• [Recorded data]:
------

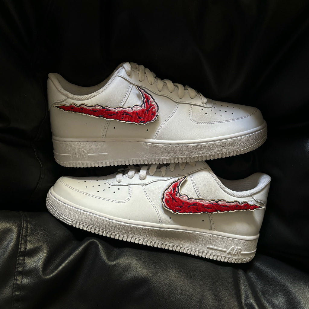 Custom AIR FORCE 1 Red Venom with velcro embroidered swooshes. You can change the designs as per your outfit and liking. The hook and loop velcro is very strong, you will never have to worry about falling off. Made on 100% Original Nike sneakers
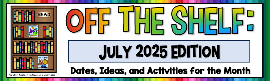 Welcome to a new “Off the Shelf” blog post highlighting important key dates, ideas, and activities for July that you can incorporate into your library lesson plans or classroom activities. My goal is to help you stay organized and inspired as you plan your month, making it simpler to bring exciting and meaningful activities to your students. Whether you’re looking for fresh ideas or resources to save you time, I hope these posts help make your planning process smoother and more enjoyable.
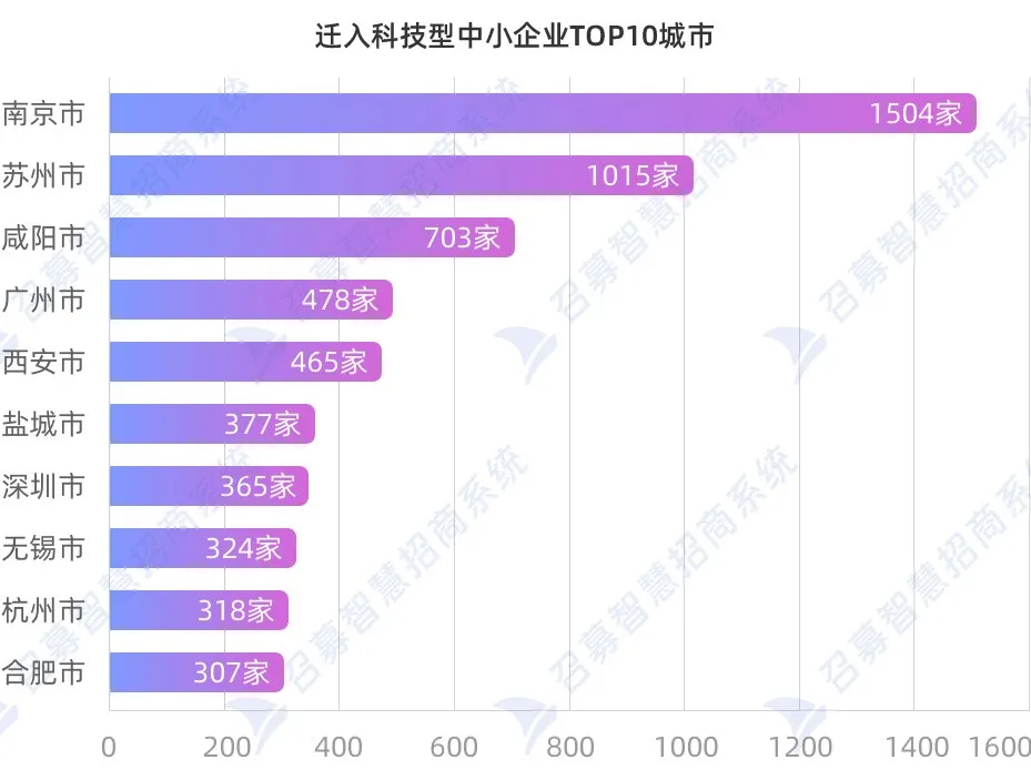 分别是排在第一位的南京1504家,第二位的苏州1015 家,第六名的盐城377家,第八名的无锡324家。(值得注意的是,这条数据的统计口径与省级迁入不同,它不仅包括省外城市的迁入,还包括省内城市的迁移。)几乎占到全国科创企业迁移的半壁江山。
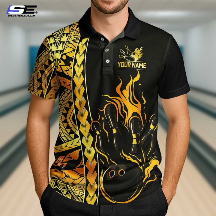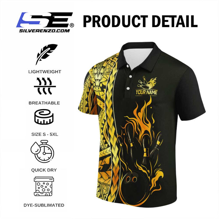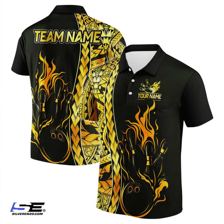 Personalized Flame Bowling Maori Men Women Polo Shirt Custom Name Bowling Team Jersey
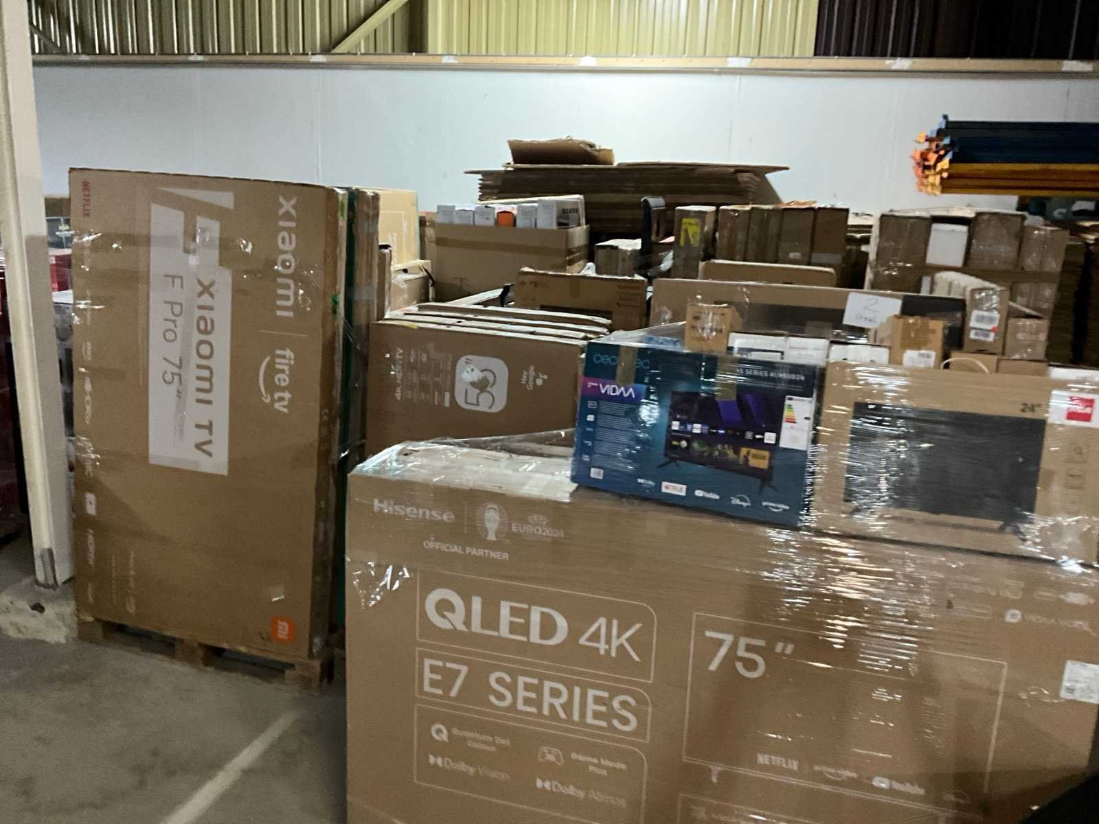 Bestaande uit circa 14x europallet, diverse merken en types waaronder: “Hisense” type: E7 series 4K 75”
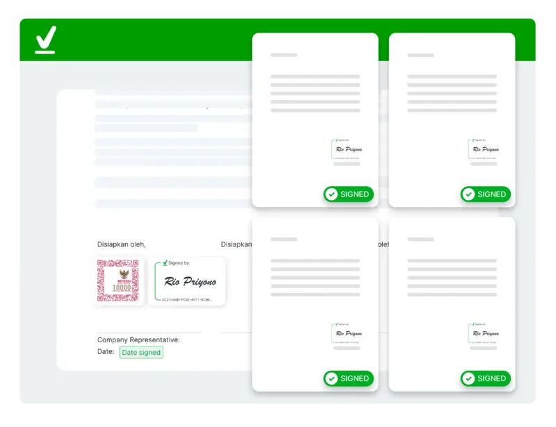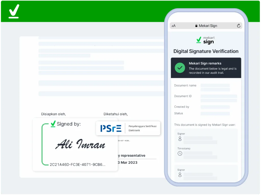 - Efisiensi Waktu: Proses penandatanganan menjadi lebih cepat dan mudah, memungkinkan dokumen ditandatangani dari mana saja menggunakan perangkat digital.
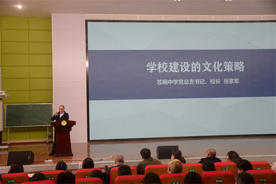 苏祠中学校长岳家军作《学校建设的文化策略》专题讲座。他以苏祠中学校园文化建设为例,从文化取向,文化建构,文化呈现,文化生长,文化表达五个方面阐释了校园文化的建设内涵和策略。
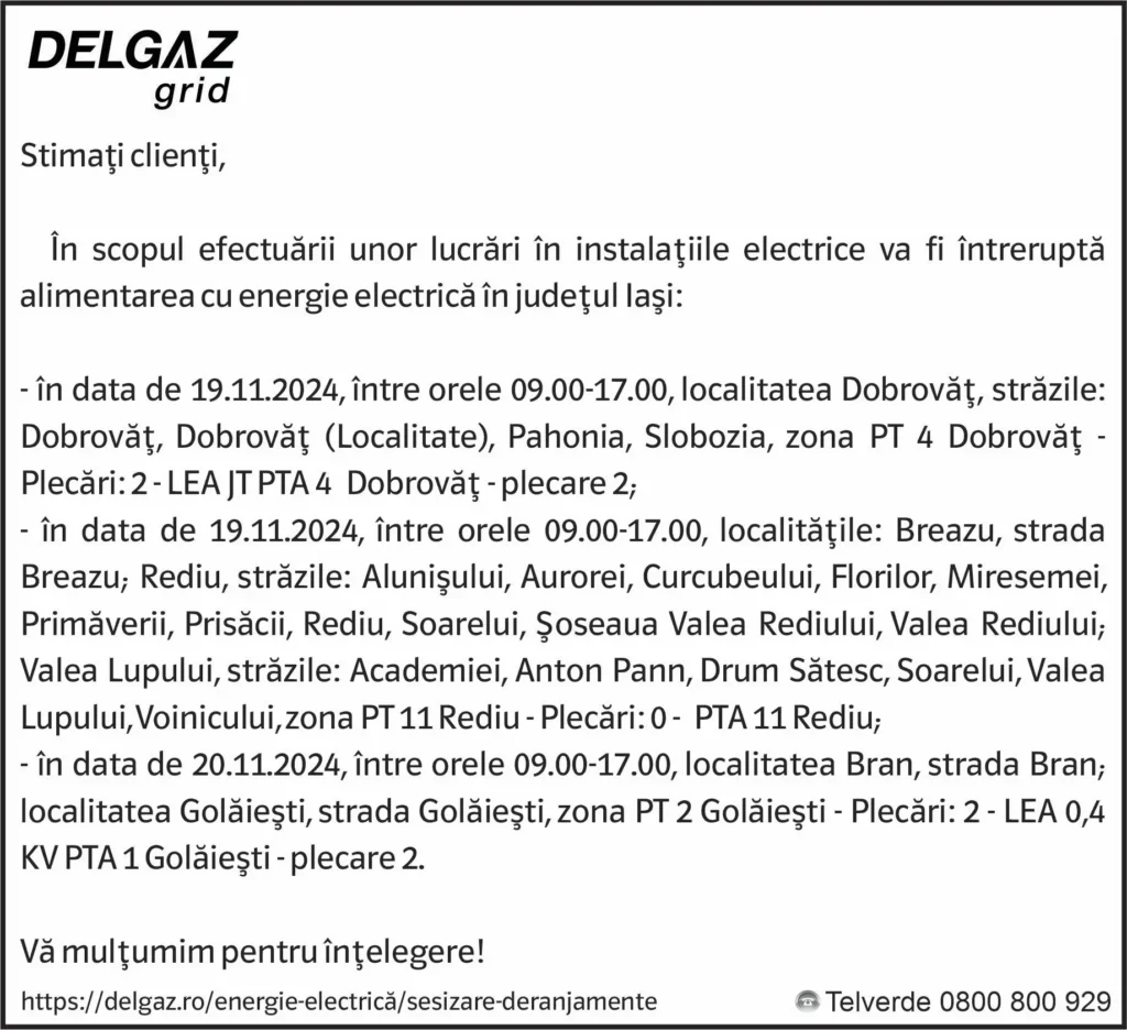 Anunțuri Delgaz gridAnunț Delgaz Grid 15 noiembrie 2024 / 2 de RedacțiaNovember 14, 2024November 14, 2024019 Share0
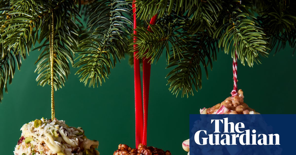 These edible baubles make a joyful addition to the Christmas table or tree. Soft, chewy, marshmallow-coated Rice Krispies are studded with pistachios and cranberries, chocolate and ginger, or peppermint candy cane; they’re as fun to make as they are to eat, and they make a perfect little gift. To add a ribbon for hanging, cut small lengths of ribbon, then loop and knot the ends. Push the knotted end gently into the top of each ball while it’s still pliable, then reshape around it, so it holds the knot securely as it sets. Alternatively, wrap each bauble in cellophane, then gather at the top and tie with a ribbon, leaving a long loop for hanging.
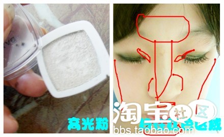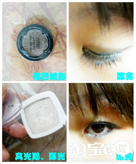 用褐色的眼影涂在眼窝处然后再用珠光粉涂在眼角处。这样会现眼睛大,嘿嘿
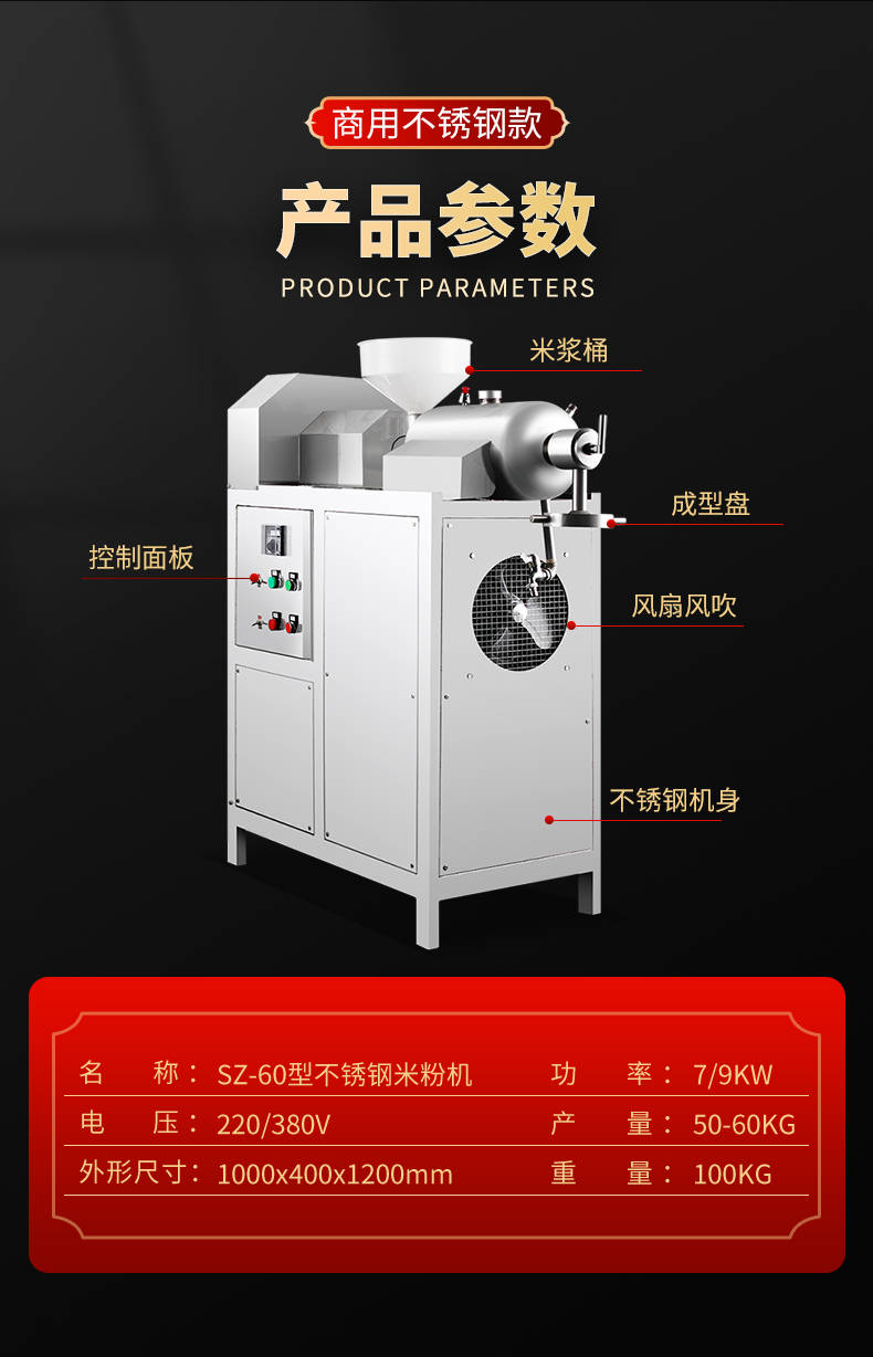 SZ-60不銹鋼米粉機(jī),可生產(chǎn)米粉、米線、桂林米粉、過(guò)橋米線、年糕、糍粑等產(chǎn)品。各種形狀都可生產(chǎn)(圓、扁),加工食品外表光滑,厚薄、寬窄、粗細(xì)均勻可調(diào),筋軟適度,有彈性,口感柔軟、味道純正。
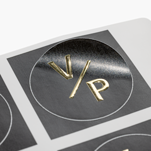 Uthevede klistremerker på ark fås i 6 størrelser og 3 former: runde, avrundede rektangler og ovale. Velg mellom sølv- og gullfolie, som begge tar seg veldig godt ut mot den hvite bakgrunnen. For å sikre et skarp trykk anbefaler vi en skriftstørrelse på minst 10 pt, og at du unngår tynne eller intrikate skrifttyper med liten plass mellom bokstavene.

------

• [WHAT NEEDS TO BE DONE]: Exact wording is required throughout: write out all the records, but no pictures.

• [REPLY]:
 Custom AIR FORCE 1 Red Venom with velcro embroidered swooshes. You can change the designs as per your outfit and liking. The hook and loop velcro is very strong, you will never have to worry about falling off. Made on 100% Original Nike sneakers
 Welcome to a new “Off the Shelf” blog post highlighting important key dates, ideas, and activities for July that you can incorporate into your library lesson plans or classroom activities. My goal is to help you stay organized and inspired as you plan your month, making it simpler to bring exciting and meaningful activities to your students. Whether you’re looking for fresh ideas or resources to save you time, I hope these posts help make your planning process smoother and more enjoyable.
 分别是排在第一位的南京1504家,第二位的苏州1015 家,第六名的盐城377家,第八名的无锡324家。(值得注意的是,这条数据的统计口径与省级迁入不同,它不仅包括省外城市的迁入,还包括省内城市的迁移。)几乎占到全国科创企业迁移的半壁江山。
 Personalized Flame Bowling Maori Men Women Polo Shirt Custom Name Bowling Team Jersey
 Bestaande uit circa 14x europallet, diverse merken en types waaronder: “Hisense” type: E7 series 4K 75”
 - Efisiensi Waktu: Proses penandatanganan menjadi lebih cepat dan mudah, memungkinkan dokumen ditandatangani dari mana saja menggunakan perangkat digital.
 苏祠中学校长岳家军作《学校建设的文化策略》专题讲座。他以苏祠中学校园文化建设为例,从文化取向,文化建构,文化呈现,文化生长,文化表达五个方面阐释了校园文化的建设内涵和策略。
 Anunțuri Delgaz gridAnunț Delgaz Grid 15 noiembrie 2024 / 2 de RedacțiaNovember 14, 2024November 14, 2024019 Share0
 These edible baubles make a joyful addition to the Christmas table or tree. Soft, chewy, marshmallow-coated Rice Krispies are studded with pistachios and cranberries, chocolate and ginger, or peppermint candy cane; they’re as fun to make as they are to eat, and they make a perfect little gift. To add a ribbon for hanging, cut small lengths of ribbon, then loop and knot the ends. Push the knotted end gently into the top of each ball while it’s still pliable, then reshape around it, so it holds the knot securely as it sets. Alternatively, wrap each bauble in cellophane, then gather at the top and tie with a ribbon, leaving a long loop for hanging.
 用褐色的眼影涂在眼窝处然后再用珠光粉涂在眼角处。这样会现眼睛大,嘿嘿
 SZ-60不銹鋼米粉機(jī),可生產(chǎn)米粉、米線、桂林米粉、過(guò)橋米線、年糕、糍粑等產(chǎn)品。各種形狀都可生產(chǎn)(圓、扁),加工食品外表光滑,厚薄、寬窄、粗細(xì)均勻可調(diào),筋軟適度,有彈性,口感柔軟、味道純正。
 Uthevede klistremerker på ark fås i 6 størrelser og 3 former: runde, avrundede rektangler og ovale. Velg mellom sølv- og gullfolie, som begge tar seg veldig godt ut mot den hvite bakgrunnen. For å sikre et skarp trykk anbefaler vi en skriftstørrelse på minst 10 pt, og at du unngår tynne eller intrikate skrifttyper med liten plass mellom bokstavene.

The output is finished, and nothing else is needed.